# Problem to solve
Copy out exactly the stretch below, from the line with "補助金の有無にかかわらず、複" through the line with "2..方便練習(xí)資源導", both included; the pictures stay out.

# Task material
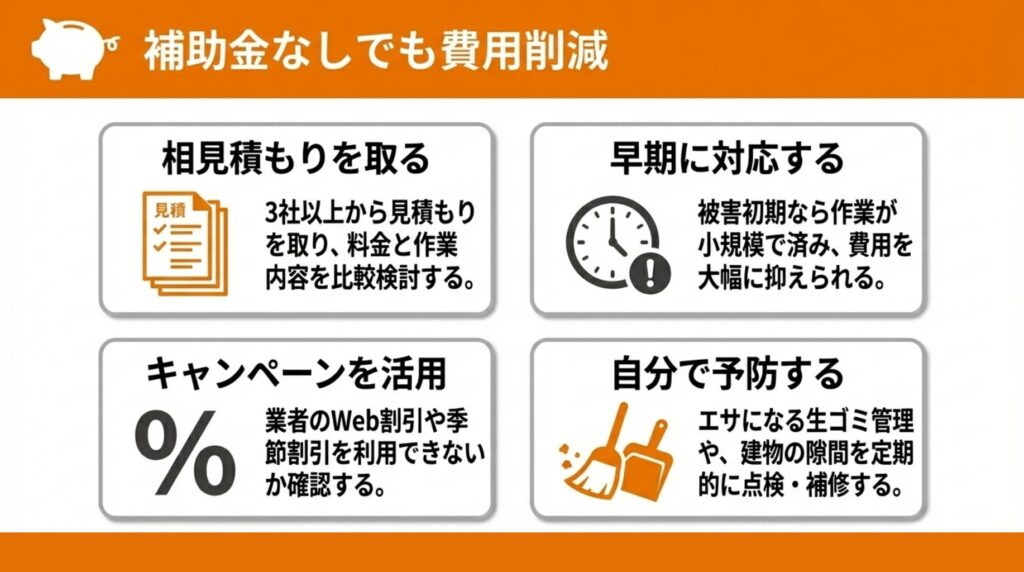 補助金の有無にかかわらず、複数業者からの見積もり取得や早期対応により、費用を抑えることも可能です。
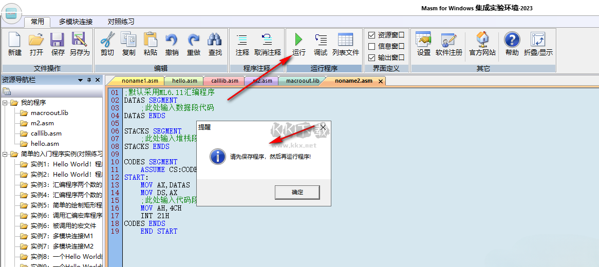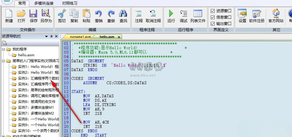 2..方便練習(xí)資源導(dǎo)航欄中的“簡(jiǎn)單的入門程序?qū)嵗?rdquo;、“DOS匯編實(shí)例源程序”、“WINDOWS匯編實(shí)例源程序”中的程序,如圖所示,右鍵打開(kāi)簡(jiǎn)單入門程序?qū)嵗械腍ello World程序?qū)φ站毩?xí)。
==
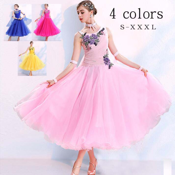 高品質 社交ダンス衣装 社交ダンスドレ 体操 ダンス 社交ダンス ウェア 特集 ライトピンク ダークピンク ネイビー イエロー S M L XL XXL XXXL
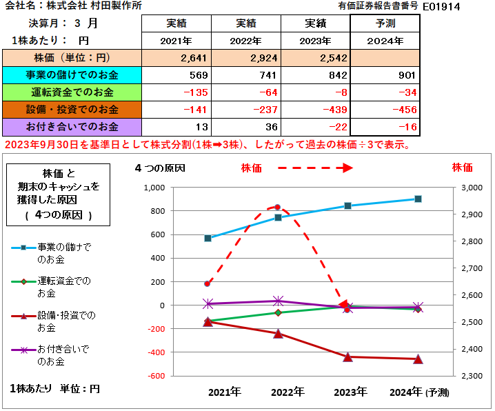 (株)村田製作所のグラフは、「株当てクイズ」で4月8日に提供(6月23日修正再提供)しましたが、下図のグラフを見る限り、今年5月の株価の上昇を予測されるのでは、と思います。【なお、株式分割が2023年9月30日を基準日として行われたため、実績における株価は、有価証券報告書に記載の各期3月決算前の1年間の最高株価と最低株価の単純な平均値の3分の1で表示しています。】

# Exercise result
 補助金の有無にかかわらず、複数業者からの見積もり取得や早期対応により、費用を抑えることも可能です。
 2..方便練習(xí)資源導(dǎo)航欄中的“簡(jiǎn)單的入門程序?qū)嵗?rdquo;、“DOS匯編實(shí)例源程序”、“WINDOWS匯編實(shí)例源程序”中的程序,如圖所示,右鍵打開(kāi)簡(jiǎn)單入門程序?qū)嵗械腍ello World程序?qū)φ站毩?xí)。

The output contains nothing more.